“The weight savings possible from the use of alternative materials are very tempting—as much as 25% in some areas of transmission and driveline design. But there are pitfalls waiting to trap the unwary,” warns Mark Findlay, Managing Director of Drive System Design (DSD), a U.K.-based engineering consultancy.
Cutting CO2 emissions by reducing vehicle weight has what he terms “inevitable consequences” for the strength and stiffness of the systems and structures affected.
“For example, the use of aluminum means that any noise generated by the driveline is more easily transmitted. This can result in the need to add weight back into the driveline in the form of heavy mass damper solutions to reduce the levels of excitation and response,” he said.
And the larger-scale integration of carbon fiber into structures could create even worse issues, he believes. He said that if the use of carbon fiber construction becomes more mainstream rather than predominantly for supercars (such as in BMW's 2014 i3 hybrid and EV), noise transmission will become an even greater challenge due to the high stiffness of the material and its lack of damping.
Harmonic issues arise
Findlay noted that fundamental conflict exists between weight reduction and refinement because mass is a key parameter in the dynamics of any system. “Using lighter materials with higher strength-to-weight ratios to produce designs with higher power density often changes the inherent damping, the local loading conditions, and the resonant frequencies of the assembly,” he explained.
Although these challenges are generally understood by an auto industry well versed in the need to reduce mass, Findlay believes that if not implemented carefully, lightweighting strategies can still lead to NVH issues that are potentially difficult to eradicate because they arise from complex system interactions.
Thinner-viscosity oils and some types of low-friction bearings cut parasitic losses, but they also reduce system damping. Replacing ferrous casings with lighter materials introduces differential expansion when temperatures rise, affecting preloads, backlash, and running clearances, and the change in heat transfer properties between older, familiar materials and newer alternatives can affect heat rejection rates and local temperature gradients.

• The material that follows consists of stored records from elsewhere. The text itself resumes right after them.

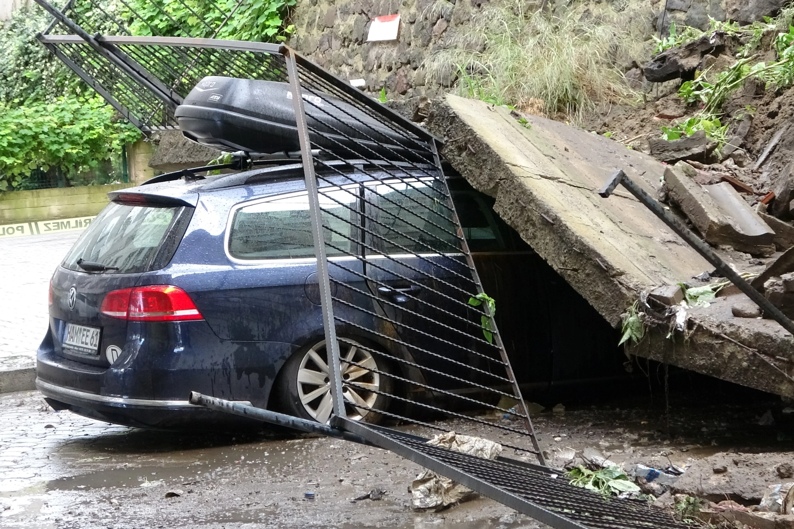 Olay, Akçaabat ilçesindeki Nefsipulathane mahallesinde meydana geldi. Sabah saatlerinden itibaren etkisini gösteren şiddetli yağışlar sonrası bir binanın istinat duvarı çöktü. İstinat duvarının önüne otomobilini park eden Güngör Pul'un (58) aracından indikten yaklaşık 2 dakika sonra çökme meydana geldi. O anlarda binanın önünde temizlik yapan kadın görevli de çöken istinat duvarının altından kalmaktan dakikalarla kurtuldu. İstinat duvarı altında kalan yabancı plakalı otomobilde maddi hasar meydana gelirken, o anlar binanın güvenlik kamerasına yansıdı. Binanın çevresinde güvenlik önlemleri alınırken, belediye ekipleri tarafından çalışma başlatıldı.
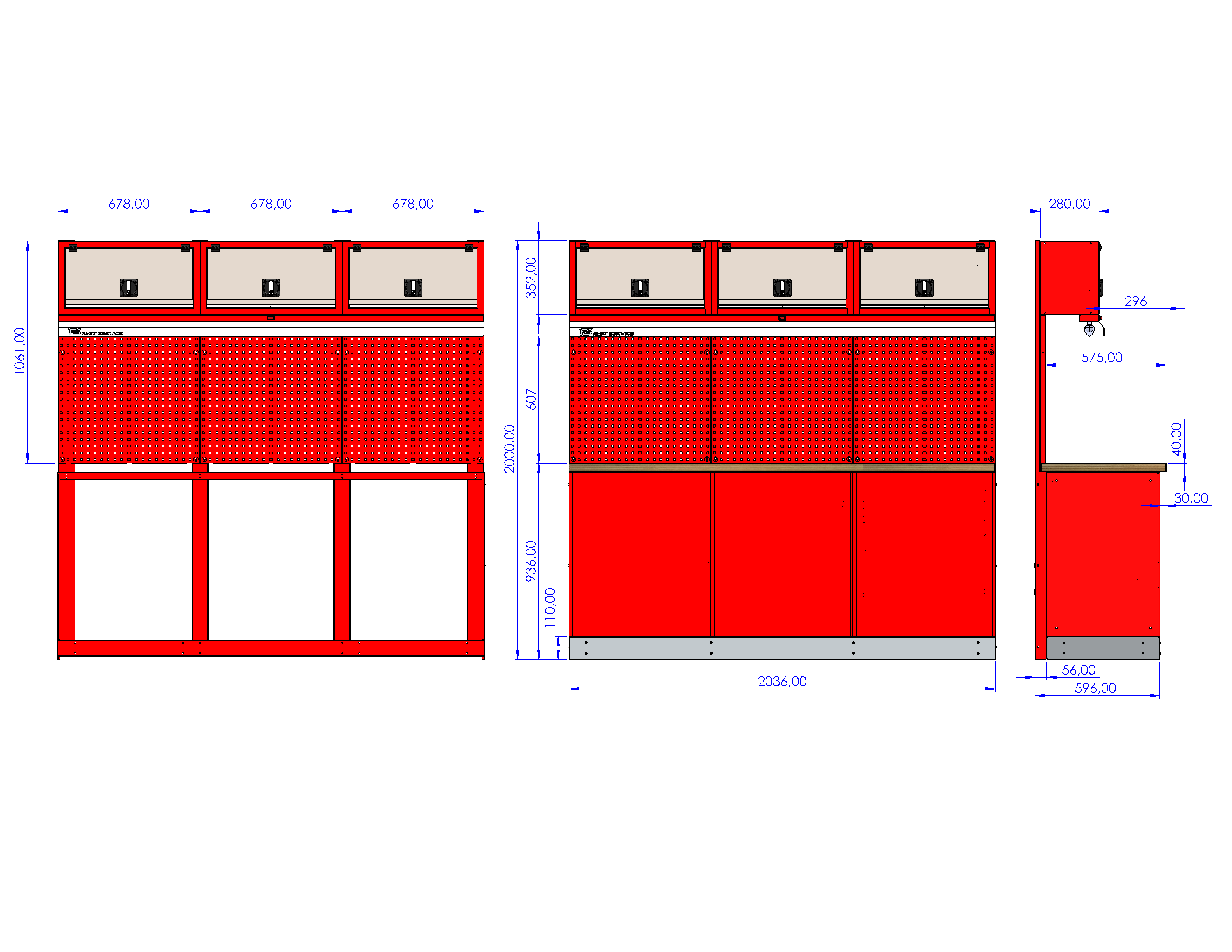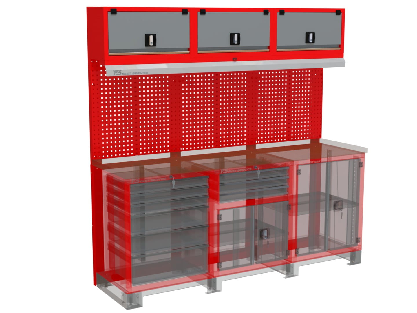 Tablica NT210-04 to trzyczęściowe stanowisko warsztatowe, które łączy w sobie funkcjonalność pojemnych szafek z wygodą i wydajnością oświetlenia LED na całej szerokości tablicy. To idealne rozwiązanie dla wymagających użytkowników, którzy oczekują maksymalnej organizacji i doskonałego oświetlenia w miejscu pracy.
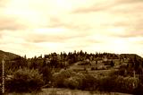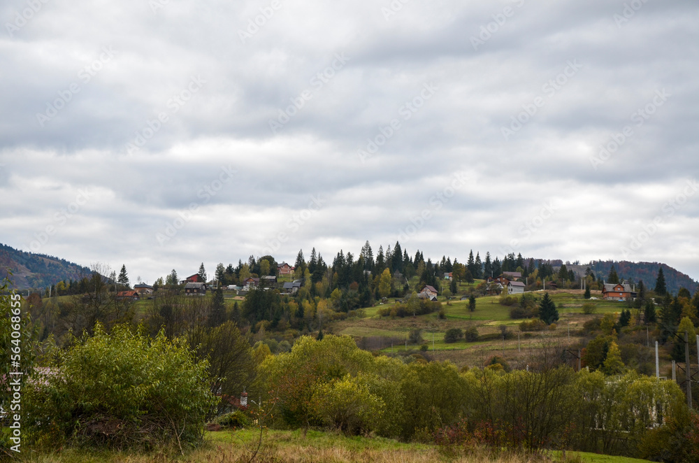 Autumn landscape with rural houses on the slopes surrounded trees and meadows in the mountain village Slavske, Carpathian Mountains, Ukraine
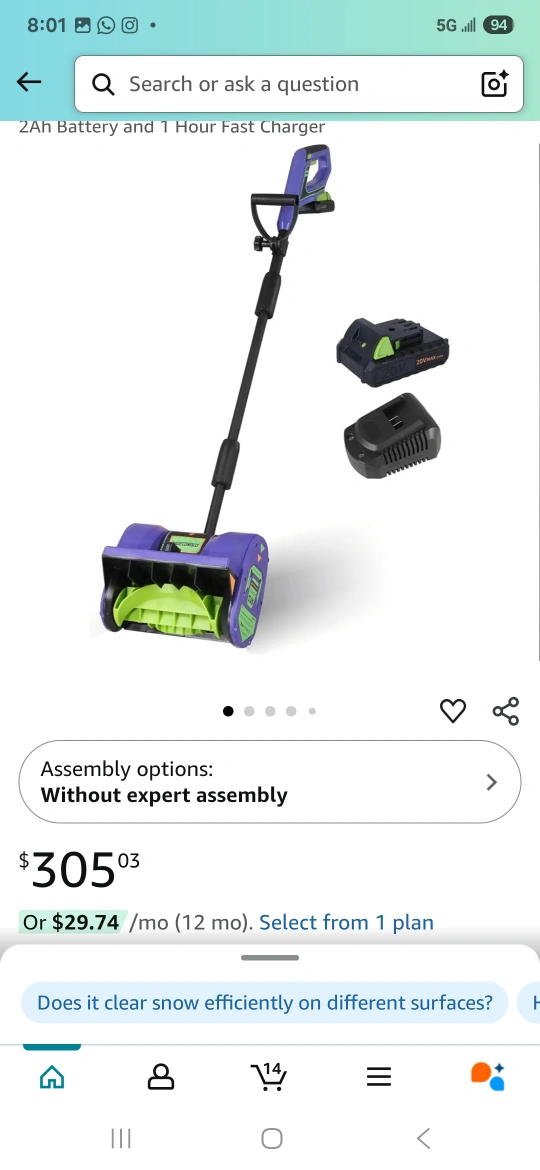 Electric snow thrower. Includes 2Ah battery and 1-hour fast charger. Unassembled.
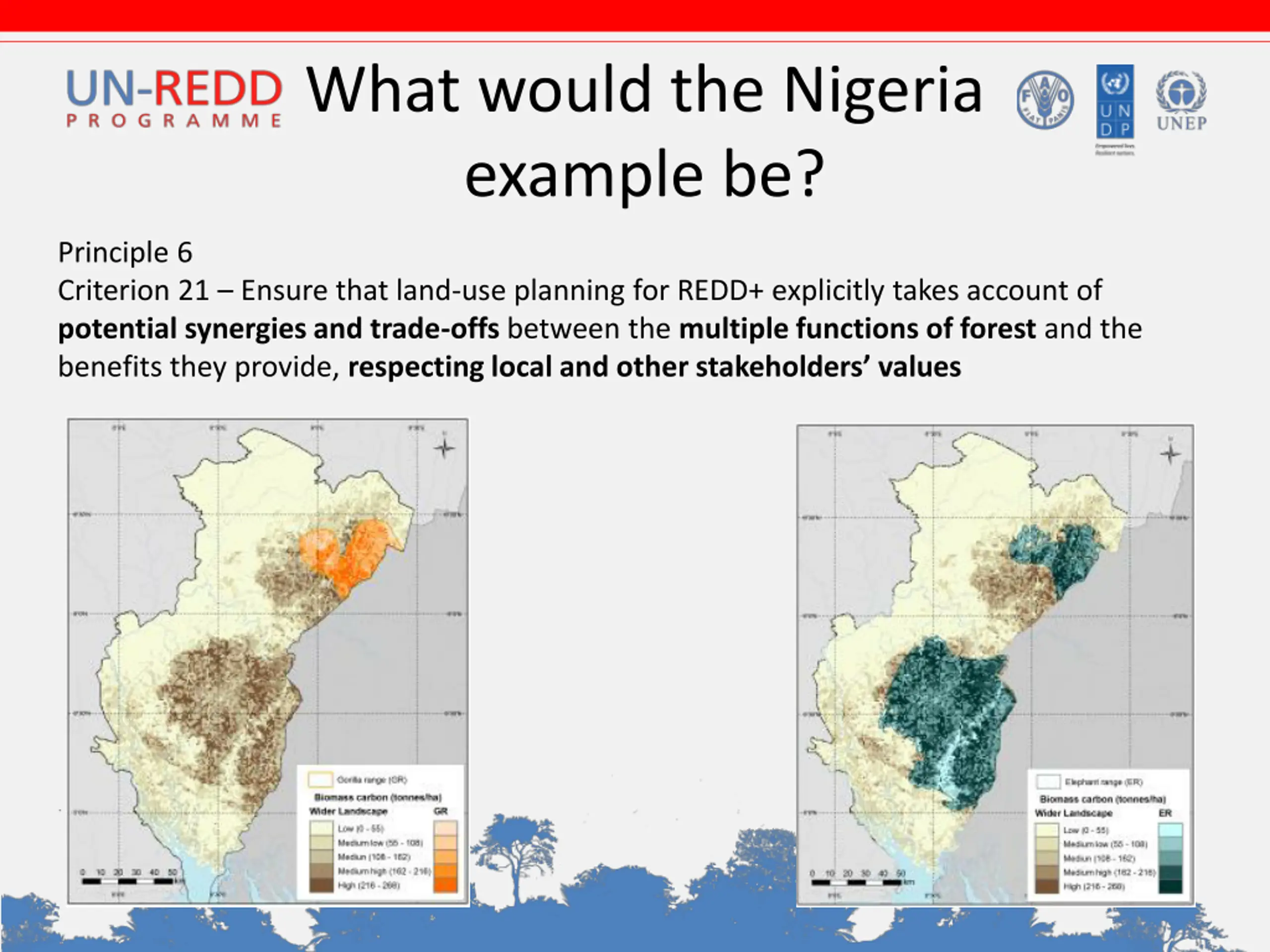 What would the Nigeria example be? Principle 6 Criterion 21 Ensure that land-use planning for REDD+ explicitly takes account of potential synergies and trade-offs between the multiple functions of forest and the benefits they provide, respecting local and other stakeholders values
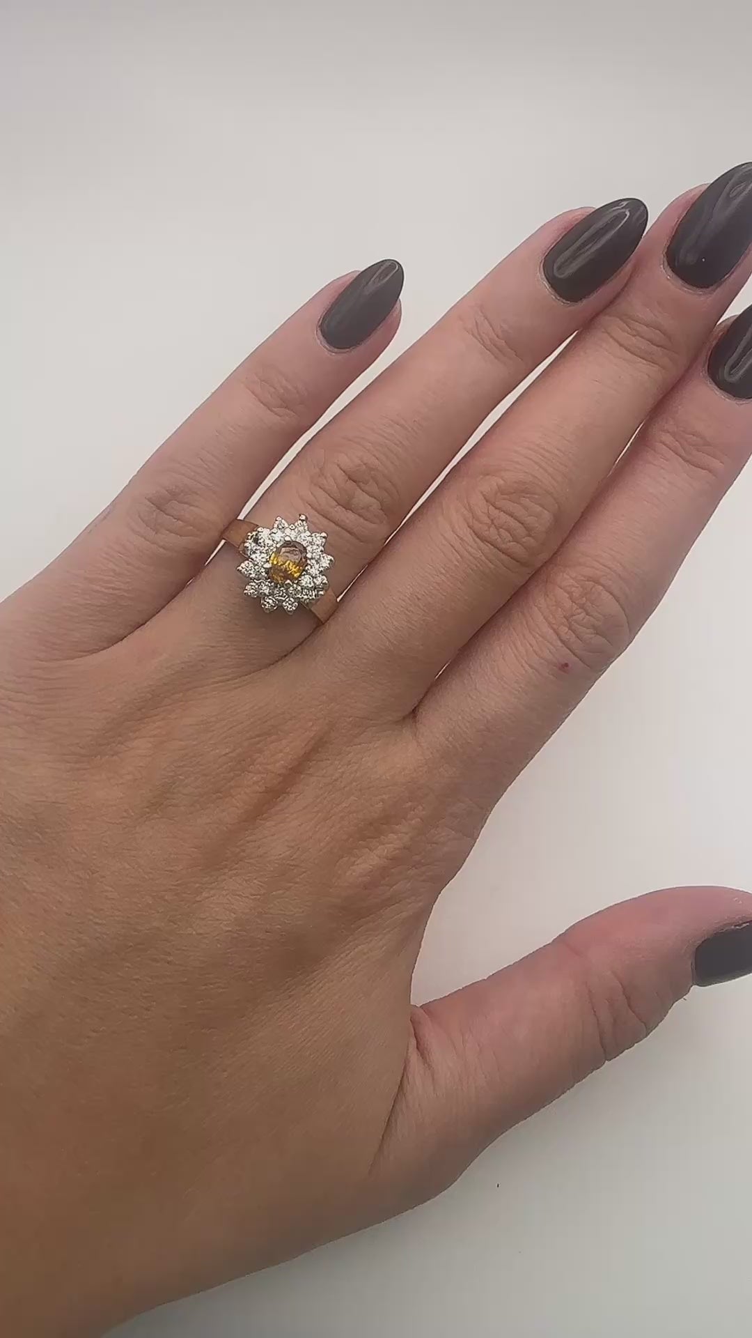 14k Yellow Gold | 0.948 CTW (Carat Total Weight) | 24 Natural Diamonds Total | 1 Yellow Diamond Center Stone | 15.88mm Length | 15.11mm Width | 12.60mm Height

DSD specializes in the design and development of mechanical transmission systems and design of vehicle chassis systems within the motorsport, renewable energy, and hybrid/electric vehicle sectors. The company's engineers are currently investigating the design of driveline components specifically to meet the particular requirements that new lightweight vehicles have created.
Findlay regards the latest computer modeling techniques as allowing greater insight into system interactions, enabling critical modes and frequencies to be identified and appropriate action taken. He is also aware of a growing realization in the auto industry that the need to save weight must be linked with the resultant effect on the outputs of established vehicle systems. This is generating a new way of thinking about the way in which geared drives are designed, placing the focus more on system integration and the dynamic interrelationship with the surrounding vehicle structure.
DSD’s technical director, Alex Tylee-Birdsall, also underlines the NVH challenges of weight saving for EV drivelines because of the vehicles’ low cabin noise levels.
“The range of an EV is affected by its efficiency, and the common measures to improve that efficiency, such as cutting friction and making components lighter, reduce the damping in the system," he said. "Achieving satisfactory refinement levels requires a thorough understanding of the interactions between different frequencies and the various damping factors involved.”
Tylee-Birdsall cited recent experience of how a new EV multi-speed transmission generated an audible whine in two ratios. “We established that the issue was not primarily related to the gear sets but to casing resonant mode alignment, triggered at certain meshing contact conditions," he recalled. "The addition of a rib to the casing walls to separate the modes was the only modification needed. This merely required metal removal from the die—a realistic solution in both cost and time.”
Findlay warned of an added element in the light weight/NVH discussion. He said the challenges are not only technical, but commercial boundaries between organizations could also create barriers to achieving an optimum solution because knowledge remained segmented across the supply chain.
“The OEM has the vehicle-level understanding but may lack the system-level knowledge to exploit it," he asserted. "The system supplier is expert within that domain but delivers against targets set by the OEM. Commercial boundaries often restrict the exchange of crucial information because of intellectual property concerns.
Much of DSD's work involves "breaking down these barriers, turning the OEMs into ‘expert’ customers, able to direct their suppliers towards an optimum solution,” Findlay noted.